Когда мы закончили ужинать, мисс Дин написала «Друзьям», отвечающим за «станции» к северу и югу от нас, с которыми мы должны были поддерживать связь. Станция к югу от нашей находилась в тридцати милях от нас, и от нее мы принимали беглецов, которых предстояло переправлять на северную станцию, которая находилась в двадцати милях от нас. Затем мы коротко поболтали, но, так как после поездки все чувствовали себя уставшими, то вскоре легли спать. На следующее утро я встала рано, в приподнятом настроении, и как только приняла ванну и оделась, я заглянула в в комнату мисс Дин. Обнаружив, что она крепко спит, я не стала её беспокоить. Вместо этого, тихо спустившись по лестнице, я вышла из дома и пошла на утреннюю прогулку по обсаженной деревьями дороге, по переулкам, обрамлённым живыми изгородями из ярких цветочных кустарников, совершенно мне неизвестных видов. Я бродила во всех направлениях в течение часа, не встретив ни одного белого человека, хотя наткнулась походя на нескольких чернокожих обоего пола, которые с любопытством смотрели на меня, заметив, что я тут чужая.
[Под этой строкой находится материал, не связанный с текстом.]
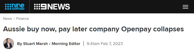 2月7日消息,据媒体报道,提供先买后付服务(BNPL)的澳洲金融科技公司Openpay已进入接管程序,成为首家提供BNPL服务、在澳洲上市的倒闭公司。周一(2月6日),这家位于墨尔本的BNPL供应商向澳大利亚证券交易所(ASX)宣布,它已经进入了破产管理程序。
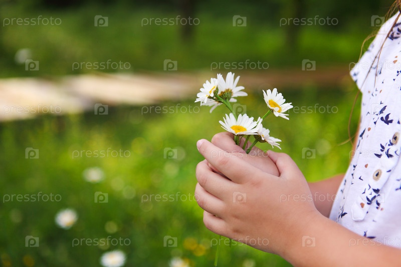 Ромашки в руках ребенка. Солнечный весенний фон. Крупным планом
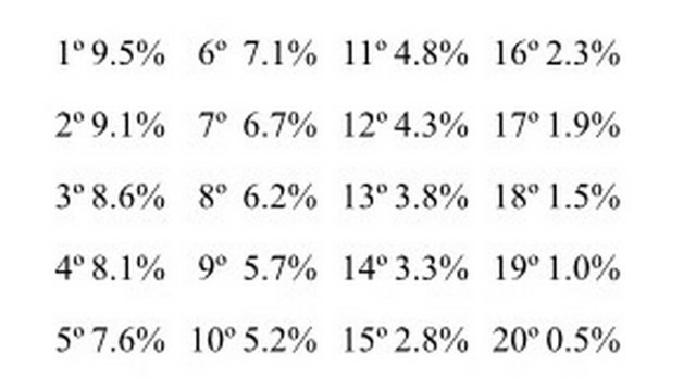 PERFORMANCE - o percentual relativo à performance obedecerá ao seguinte critério de distribuição de acordo com a classificação final na competição:
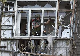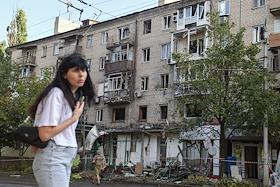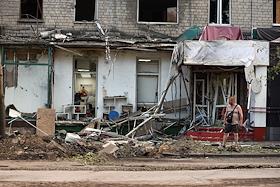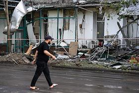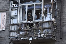 Ситуация в центре Донецка после обстрела. Пятиэтажный жилой дом, пострадавший в результате обстрела.
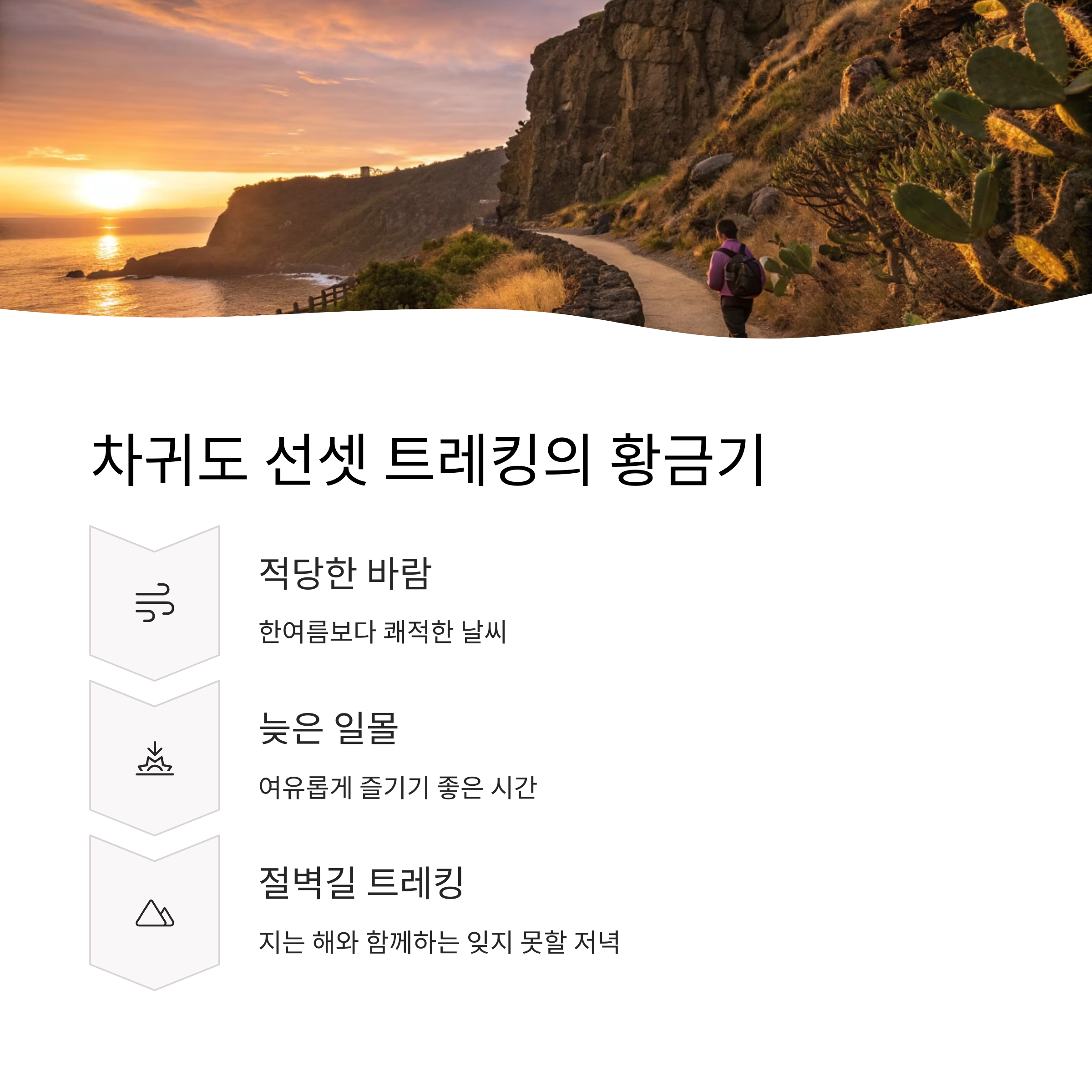 "지는 해와 함께 걷는 절벽길, 잊을 수 없는 제주 저녁이 됩니다"
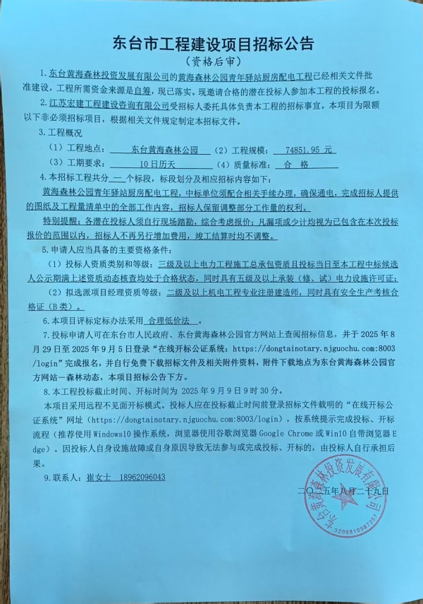 黄海森林公园青年驿站厨房配电工程招标公告
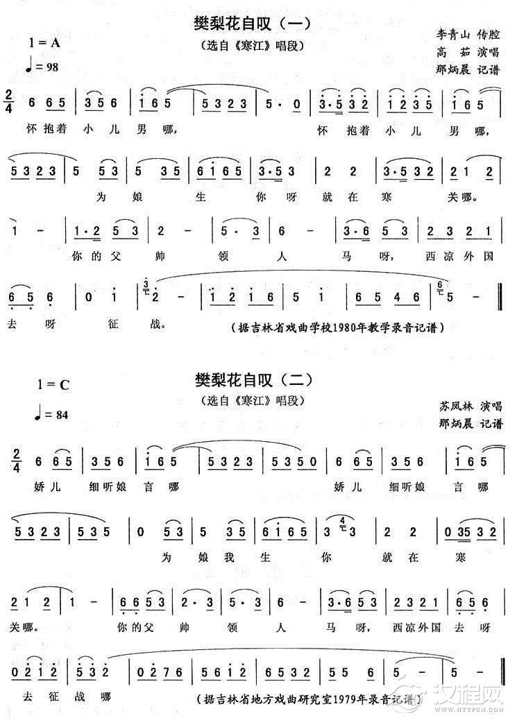 戏曲曲谱樊梨花五更(《寒江》唱段)
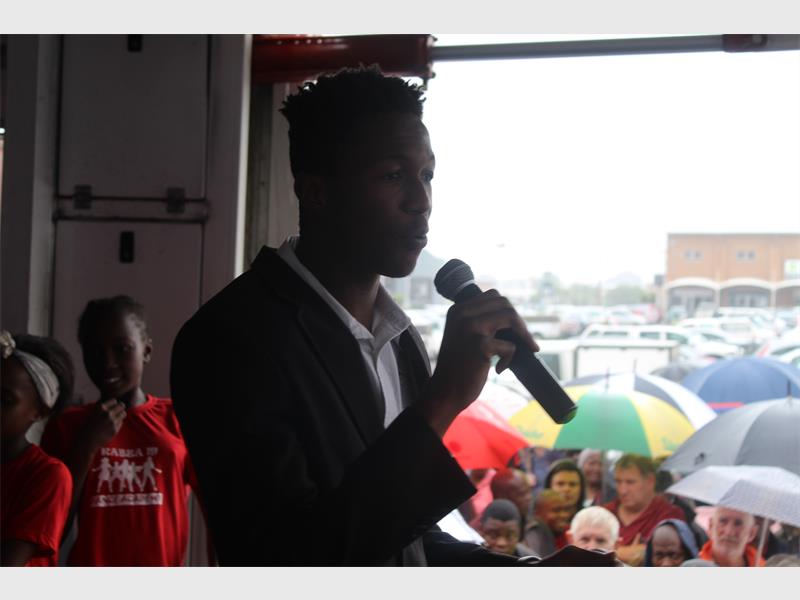 The early arrivals huddled themselves along the walkways of Princess Crossing while those who got there later needed umbrellas to avoid the driving rain. Musical and dance acts kept the spirits high as the shivering crowd waited for the main event. The amount of till slips from entrants who had purchased R500 or more worth of groceries, not including account or municipal payments, was so large a netted trampoline was needed.
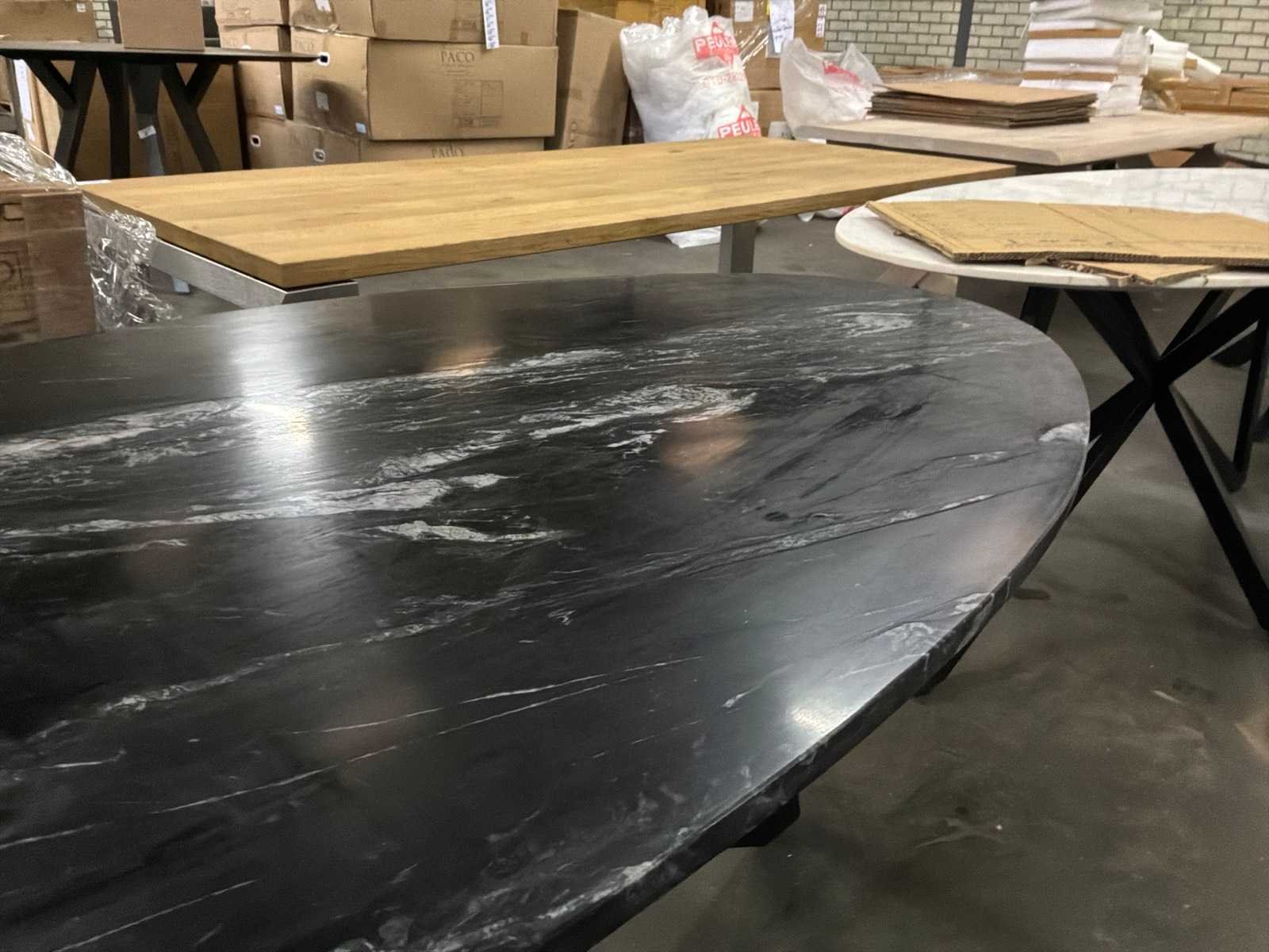 Let op! Zware uitvoering. Kavel bevindt zich in doos. 2 dozen. Model: Mondaire Kleur: Zwart Lengte: 90cm Breedte: 180cm Hoogte: 76cm Materiaal: Marmer
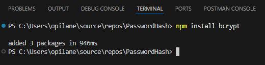 Paigaldada bcrypt käsuga npm install bcrypt
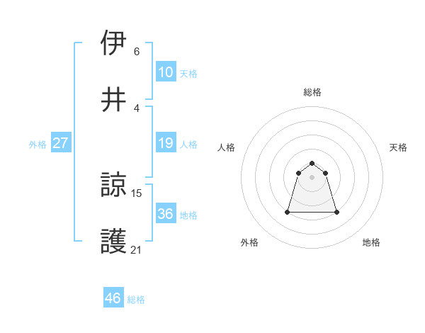 伊井 諒護さんの総格は46画の1点!
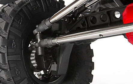 The suspension geometry is based on the SCX10 II but refined slightly for the new chassis layout. The front suspension has been optimized to reduce bump steer, while the rear 4-link reduces torque twist.
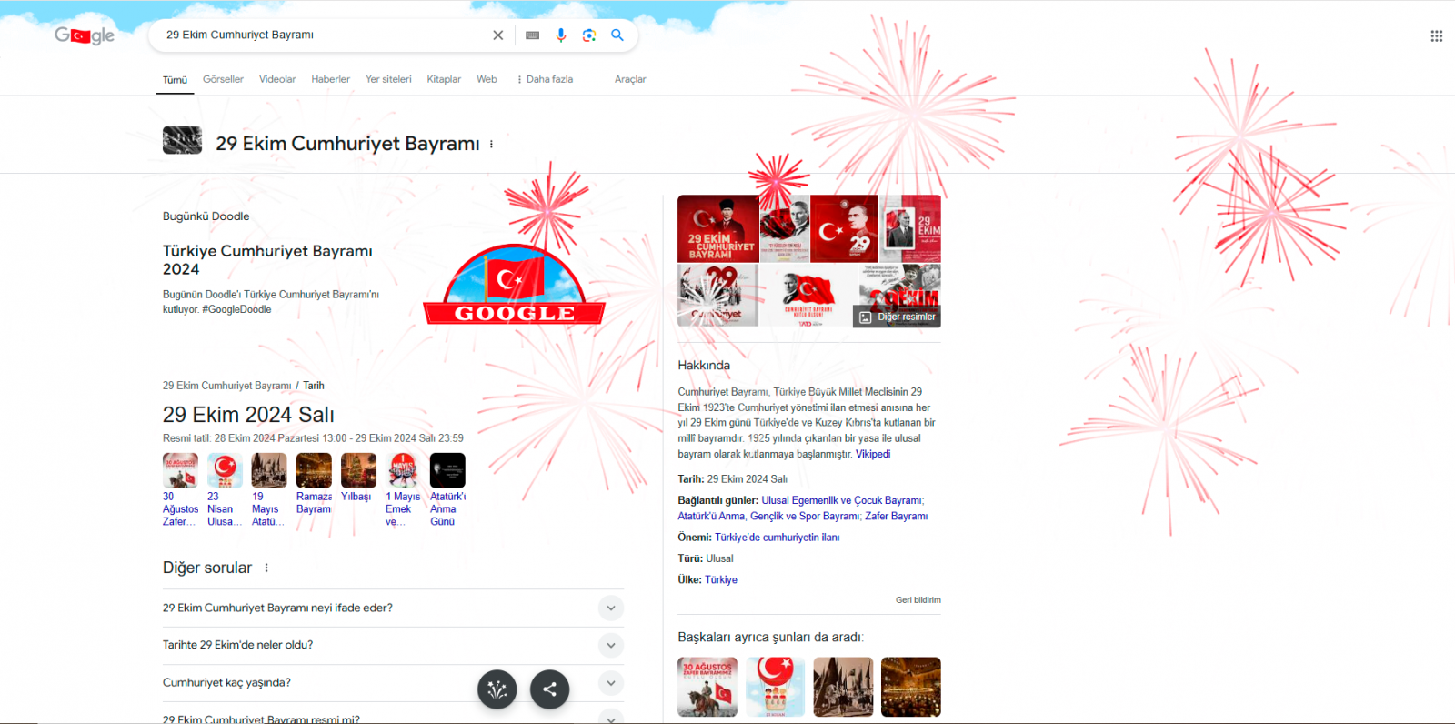 Doodle'a tıklandığında ise Google,''29 Ekim Cumhuriyet Bayramı'' aramasına götürüyor ve ekranda havai fişekler patlıyor.
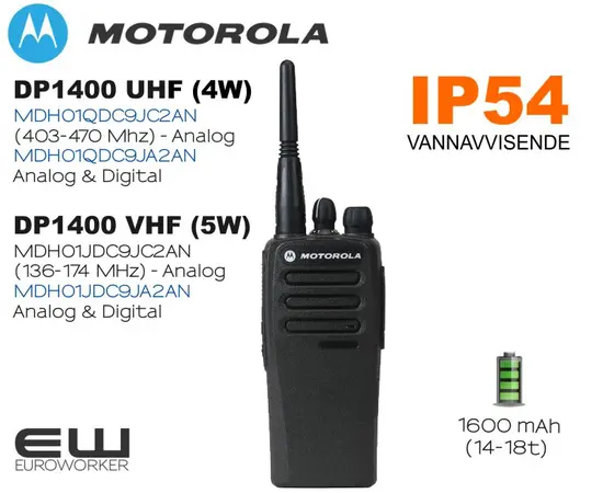 Motorola DP1400 MOTOTRBO (VHF/UHF) Håndholdt Radio (Analog/Digital)
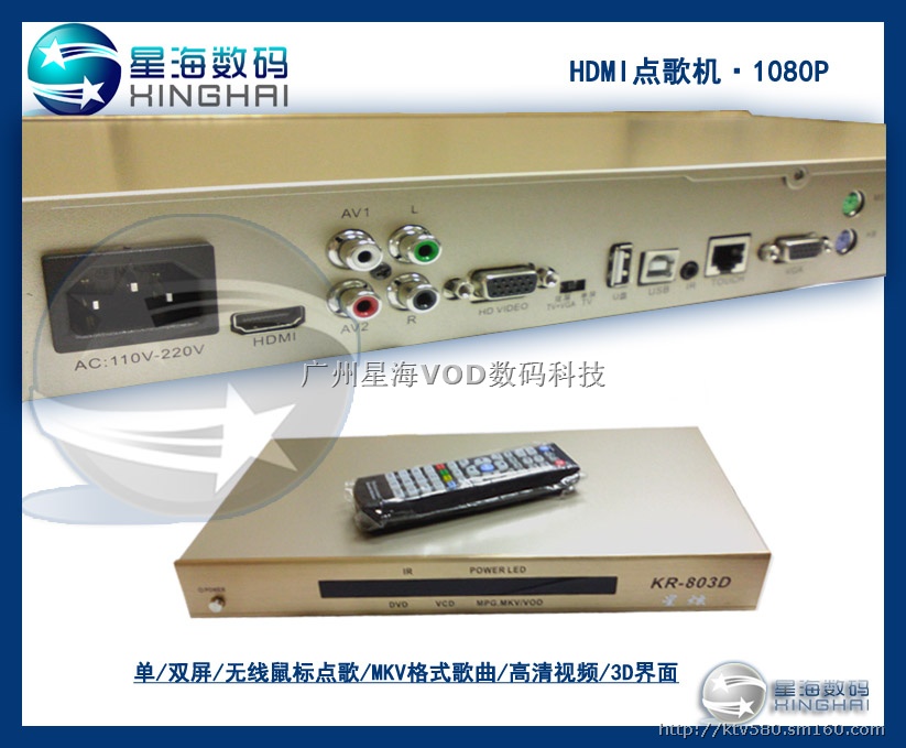 真实1080P高清播放,全球首款支持无线鼠标点歌,超强的音效矫正功能,在触摸屏上完成加歌。

Вернувшись в дом, я нашла, что мисс Дин ждет меня в гостиной. Я присоединилась к ней, и в течение короткого времени Марта принесла мне завтрак, которому я отдала должное, ибо моя прогулка подарила мне хороший аппетит. Вскоре мы удобно устроились, и началась наша новая рискованная жизнь. Но ни один из нас не предчувствовал плохого. Мисс Дин всегда была весела, да и меня поразила новизна всего этого затеянного нами дела. Мы хранили запасы бекона, муки и кофе в подвале дома и спрятали пару матрасов и одеял под полом сарая, держа их наготове для беглецов, которые могли в любой момент прибыть сюда со станции к югу от нашей.